Lower and middle-income families who could be successful homeowners would be locked out of the lower-cost, mainstream housing market. Existing wealth disparities would get even worse.

Given median housing prices and incomes, it would take over 20 years for the average family to save a 10 percent down payment plus closing costs.

For Latino families with median income for that group, it would take 26 years to save enough for a 10% down payment. For African-American families, it would take 31 years.

For loans made during 2004 – 2008, a 10% down payment would have made a mainstream mortgage out of reach for 60% of African-American and 50% of Latino borrowers who are currently successful homeowners. 

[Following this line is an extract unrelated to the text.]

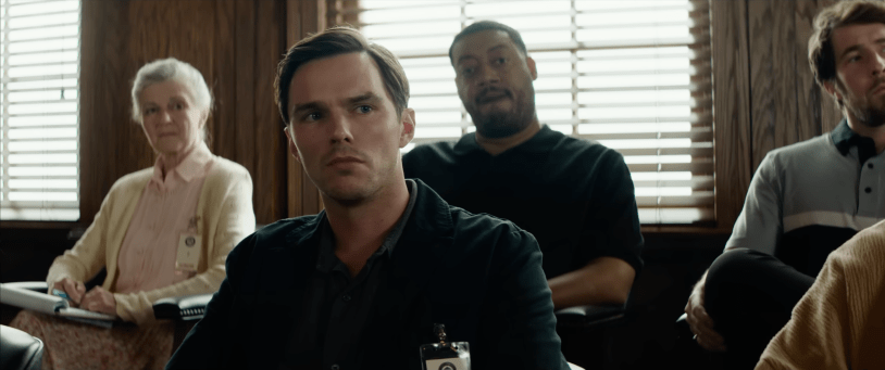 Mucho de este mérito le pertenece, no solo a Eastwood, pero también al guionista Jonathan Abrams, quien toma una intrigante premisa y la desarrolla con un cuidado especial para presentar la información, trazar los estados mentales de sus personajes y jugar con nuestras simpatías. Nicholas Hoult la protagoniza interpretando a Justin Kemp, a quien conocemos como un hombre bondadoso. Al inicio de la película, él acaba de arreglar el cuarto para el bebé que está por tener con su esposa, Allison (Zoey Deutch), quien parece totalmente agradecida y enamorada de él.

The costs far outweigh the benefits.

Looking at the market as a whole: If a 10% down payment requirement and new mortgage rules had been in place between 2000 and 2008, about 30% of families who received mortgages would have been denied a mortgage. And the default rate on mortgages would have gone down by only one percentage point.

Q and A

If we allow low down payments on mainstream mortgages, won’t we risk repeating the subprime fiasco?

No. Poor underwriting and toxic loan terms drove the subprime crash, not low down payments. Consider the different performance of typical  sub-prime loans—which were packed with risky features—and FHA loans, which lacked the risky features but typically had low down payments. Subprime default rates were three to four times higher than those for FHA loans made to comparable borrowers.  

Shouldn’t borrowers have “skin in the game”?

Yes, and the market can set the appropriate amount. Three percent down for a lower-income family may be just as effective as a personal investment as 20% for a wealthier family.

Because of existing wealth disparities, families of color generally don’t benefit from family assistance or inheritance to the same extent as white families. One study showed that 27% of white home buyers received some help from their families in making a down payment, while nearly 90% of African Americans relied entirely on their own savings.

 
Sources

Balancing Risk and Access: Underwriting Standards for Qualified Residential Mortgages (Quercia, Ding, and Reid, 2012)

The Transition to Home Ownership and the Black-White Wealth Gap,” (Charles and Hurst; Universities of Michigan and Chicago, 2000).